■ Records provided ■

[Start of section]

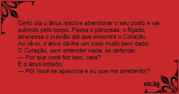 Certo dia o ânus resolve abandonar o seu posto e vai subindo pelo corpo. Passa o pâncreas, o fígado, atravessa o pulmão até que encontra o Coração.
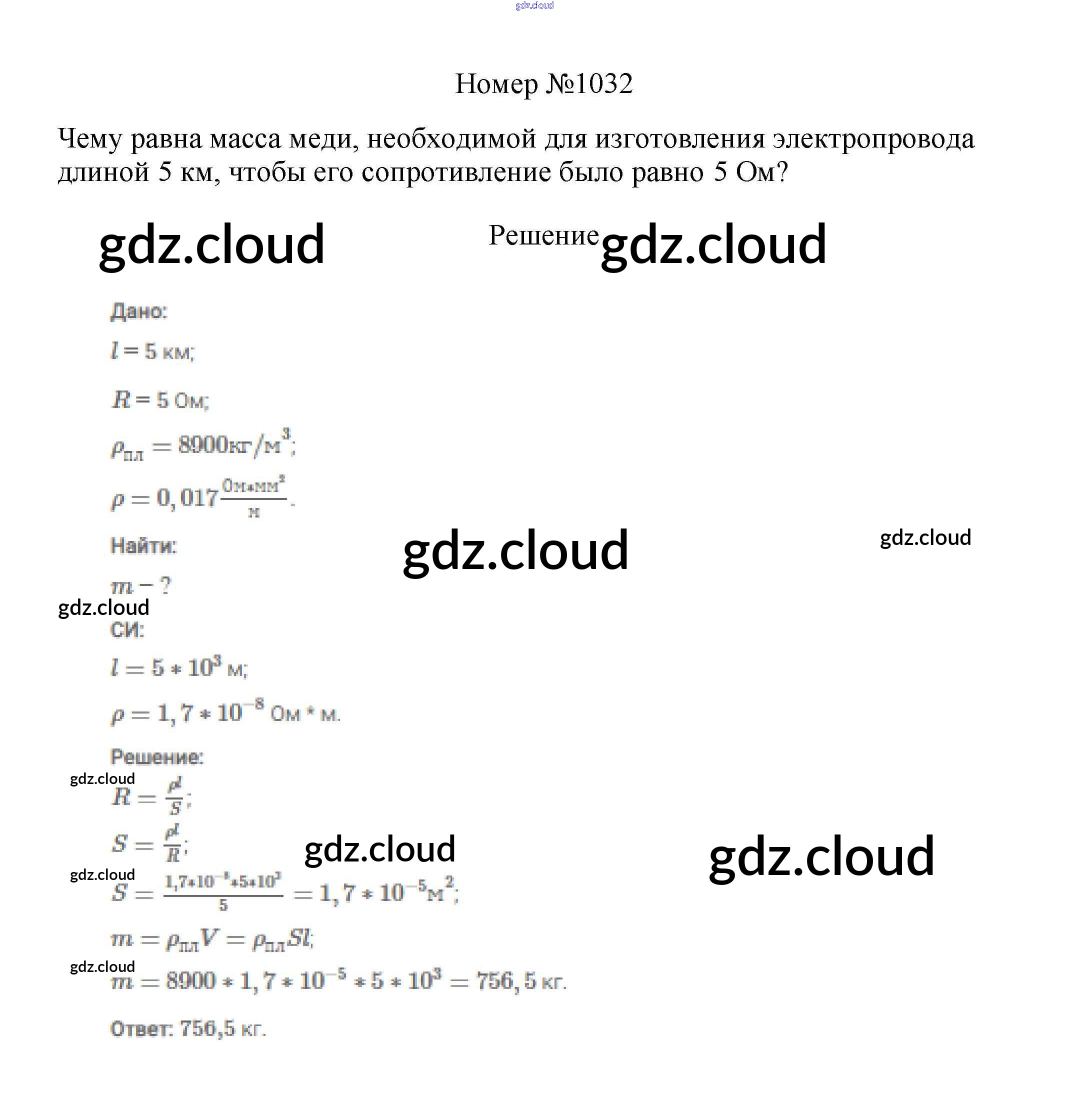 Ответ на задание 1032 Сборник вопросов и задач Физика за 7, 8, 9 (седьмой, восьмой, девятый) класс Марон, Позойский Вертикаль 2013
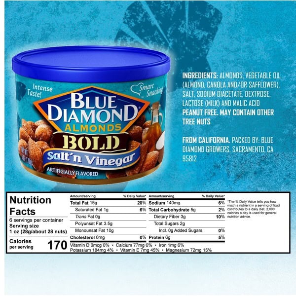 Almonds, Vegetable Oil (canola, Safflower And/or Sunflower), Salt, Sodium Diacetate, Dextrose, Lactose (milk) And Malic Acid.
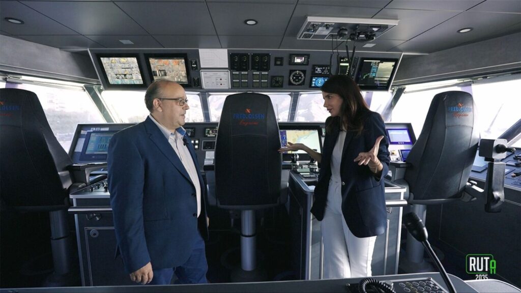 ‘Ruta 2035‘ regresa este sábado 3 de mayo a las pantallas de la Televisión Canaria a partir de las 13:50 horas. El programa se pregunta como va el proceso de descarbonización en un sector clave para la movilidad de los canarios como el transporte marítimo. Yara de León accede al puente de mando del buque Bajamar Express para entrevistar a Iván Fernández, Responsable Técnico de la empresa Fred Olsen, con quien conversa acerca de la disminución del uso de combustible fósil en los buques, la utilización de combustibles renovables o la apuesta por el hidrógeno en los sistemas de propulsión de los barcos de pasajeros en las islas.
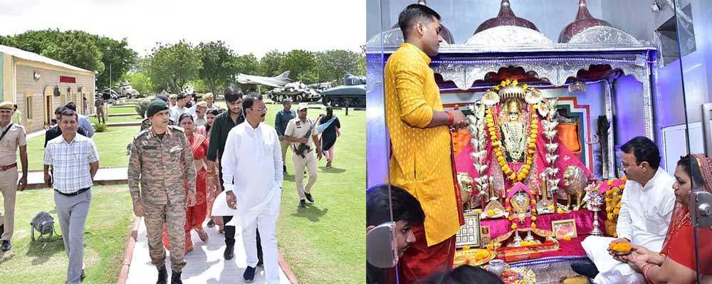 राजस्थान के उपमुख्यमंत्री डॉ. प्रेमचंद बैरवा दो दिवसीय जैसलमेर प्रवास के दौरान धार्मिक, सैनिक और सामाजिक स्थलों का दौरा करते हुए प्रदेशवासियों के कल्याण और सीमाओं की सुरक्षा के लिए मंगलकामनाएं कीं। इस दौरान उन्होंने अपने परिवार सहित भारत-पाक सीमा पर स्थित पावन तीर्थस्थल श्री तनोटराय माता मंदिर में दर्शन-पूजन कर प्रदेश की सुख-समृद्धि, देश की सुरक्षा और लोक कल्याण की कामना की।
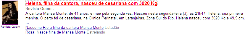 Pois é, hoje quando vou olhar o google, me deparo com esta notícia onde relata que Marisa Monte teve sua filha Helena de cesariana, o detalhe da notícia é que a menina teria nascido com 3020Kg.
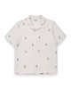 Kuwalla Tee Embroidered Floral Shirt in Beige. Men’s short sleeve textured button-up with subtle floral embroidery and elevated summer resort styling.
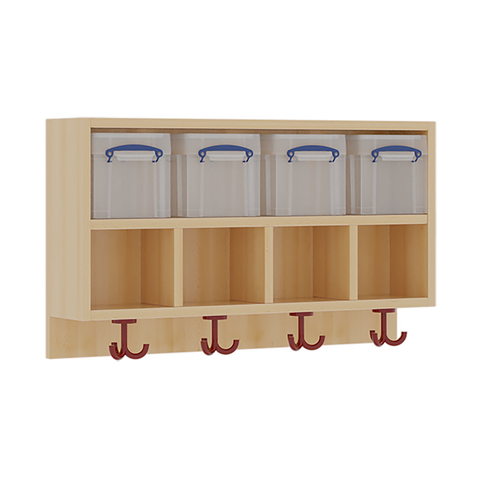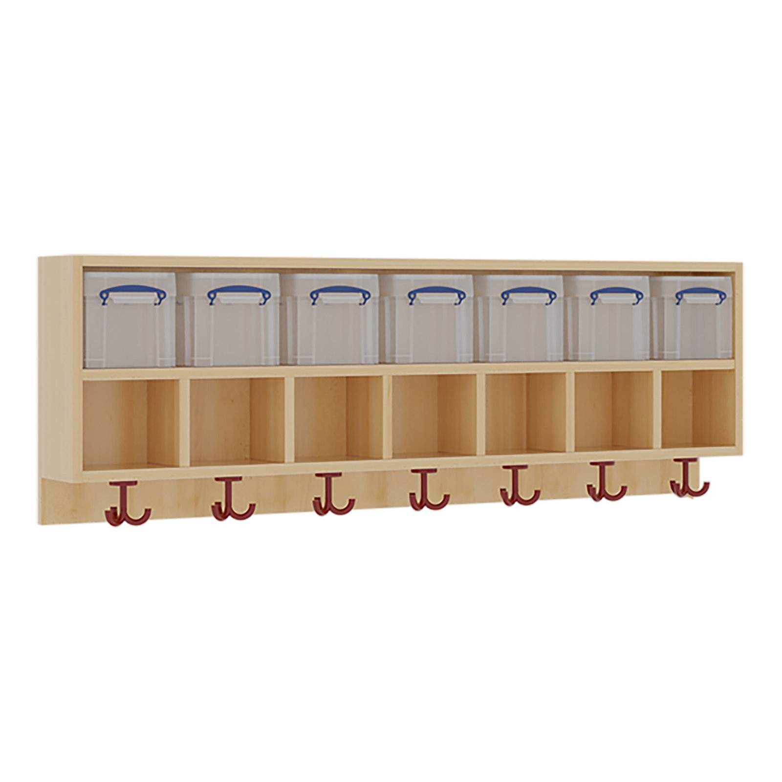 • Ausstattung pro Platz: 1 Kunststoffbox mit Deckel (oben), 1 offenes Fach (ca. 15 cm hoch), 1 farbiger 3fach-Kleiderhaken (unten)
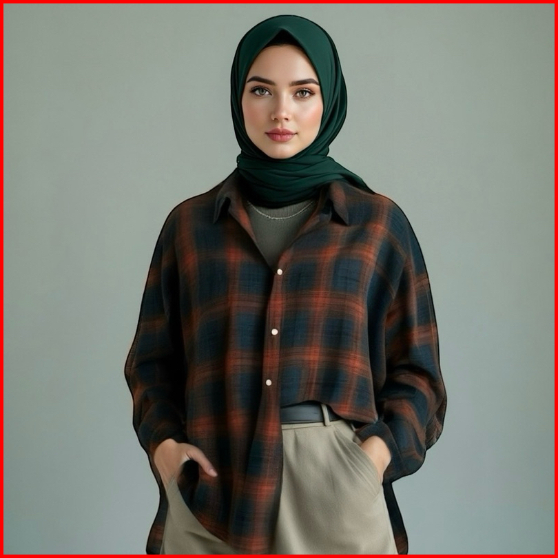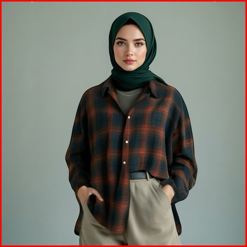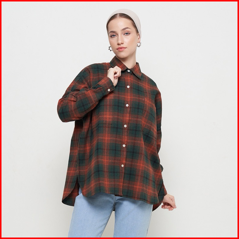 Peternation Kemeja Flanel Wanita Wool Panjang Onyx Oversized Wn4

[End of section]
[Start of section]

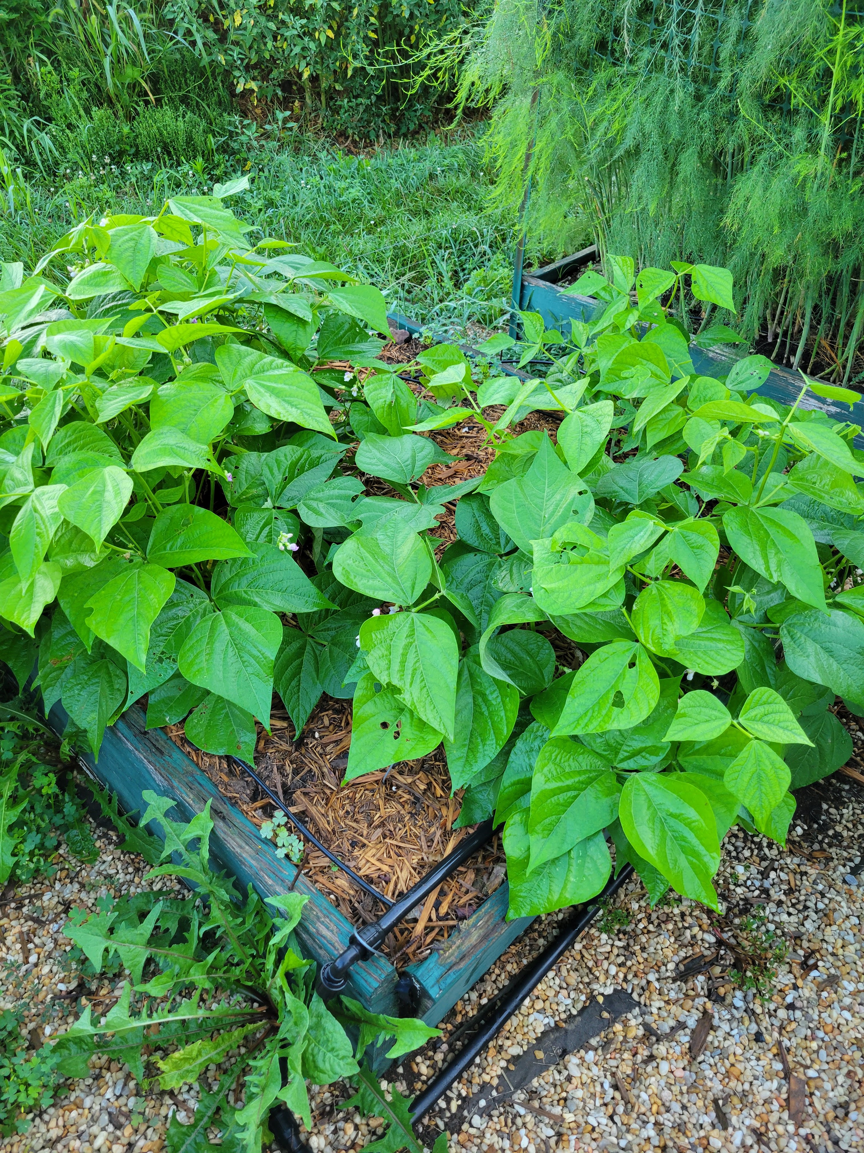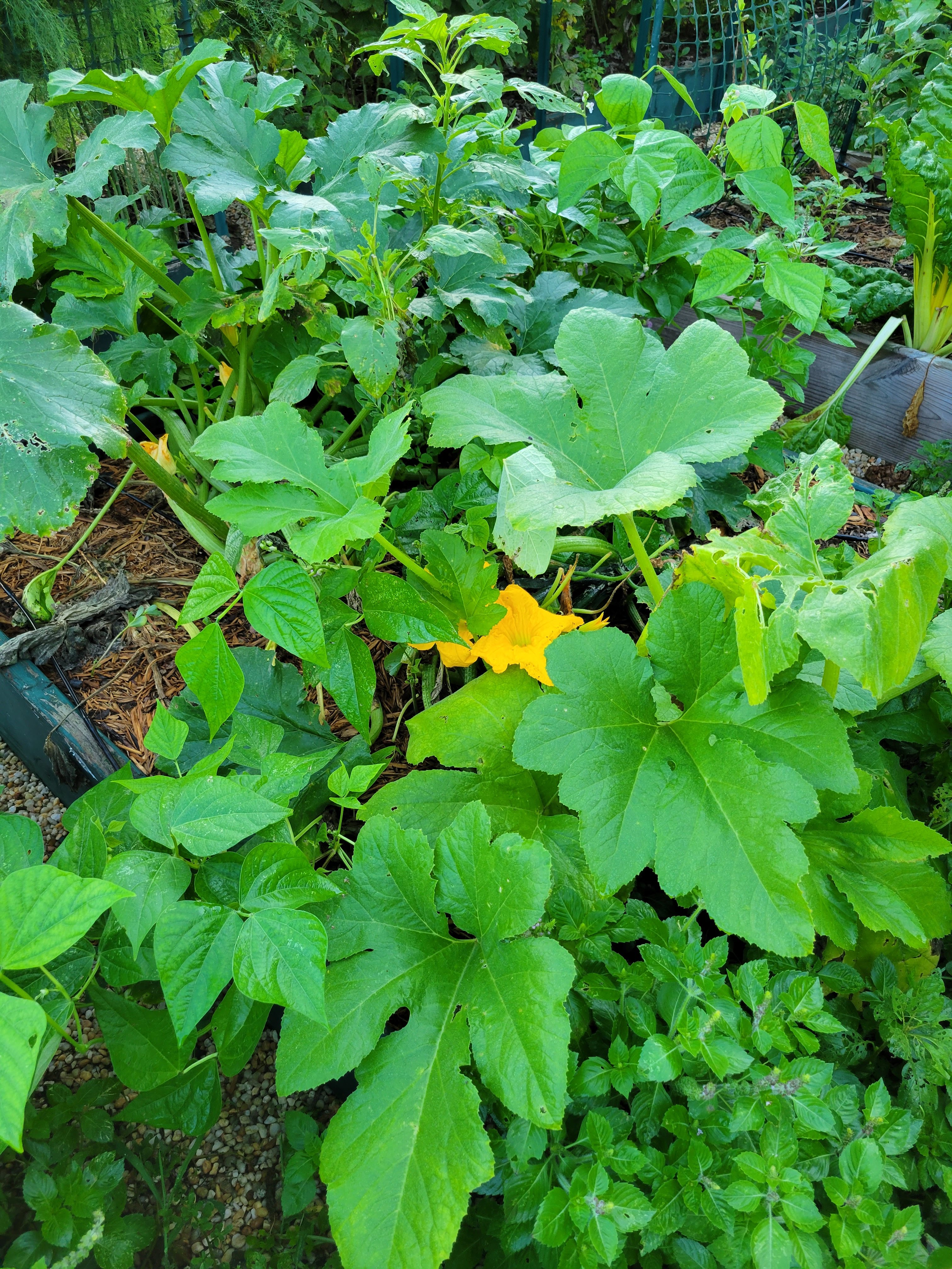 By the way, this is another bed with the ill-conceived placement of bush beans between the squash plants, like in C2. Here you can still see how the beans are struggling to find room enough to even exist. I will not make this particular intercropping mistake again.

[End of section]

■ Work to complete ■
Look above for the line containing "Certo dia o" and the line containing "Pois é, hoje", then reproduce both and everything between them exactly, pictures omitted.

■ Your response ■
 Certo dia o ânus resolve abandonar o seu posto e vai subindo pelo corpo. Passa o pâncreas, o fígado, atravessa o pulmão até que encontra o Coração.
 Ответ на задание 1032 Сборник вопросов и задач Физика за 7, 8, 9 (седьмой, восьмой, девятый) класс Марон, Позойский Вертикаль 2013
 Almonds, Vegetable Oil (canola, Safflower And/or Sunflower), Salt, Sodium Diacetate, Dextrose, Lactose (milk) And Malic Acid.
 ‘Ruta 2035‘ regresa este sábado 3 de mayo a las pantallas de la Televisión Canaria a partir de las 13:50 horas. El programa se pregunta como va el proceso de descarbonización en un sector clave para la movilidad de los canarios como el transporte marítimo. Yara de León accede al puente de mando del buque Bajamar Express para entrevistar a Iván Fernández, Responsable Técnico de la empresa Fred Olsen, con quien conversa acerca de la disminución del uso de combustible fósil en los buques, la utilización de combustibles renovables o la apuesta por el hidrógeno en los sistemas de propulsión de los barcos de pasajeros en las islas.
 राजस्थान के उपमुख्यमंत्री डॉ. प्रेमचंद बैरवा दो दिवसीय जैसलमेर प्रवास के दौरान धार्मिक, सैनिक और सामाजिक स्थलों का दौरा करते हुए प्रदेशवासियों के कल्याण और सीमाओं की सुरक्षा के लिए मंगलकामनाएं कीं। इस दौरान उन्होंने अपने परिवार सहित भारत-पाक सीमा पर स्थित पावन तीर्थस्थल श्री तनोटराय माता मंदिर में दर्शन-पूजन कर प्रदेश की सुख-समृद्धि, देश की सुरक्षा और लोक कल्याण की कामना की।
 Pois é, hoje quando vou olhar o google, me deparo com esta notícia onde relata que Marisa Monte teve sua filha Helena de cesariana, o detalhe da notícia é que a menina teria nascido com 3020Kg.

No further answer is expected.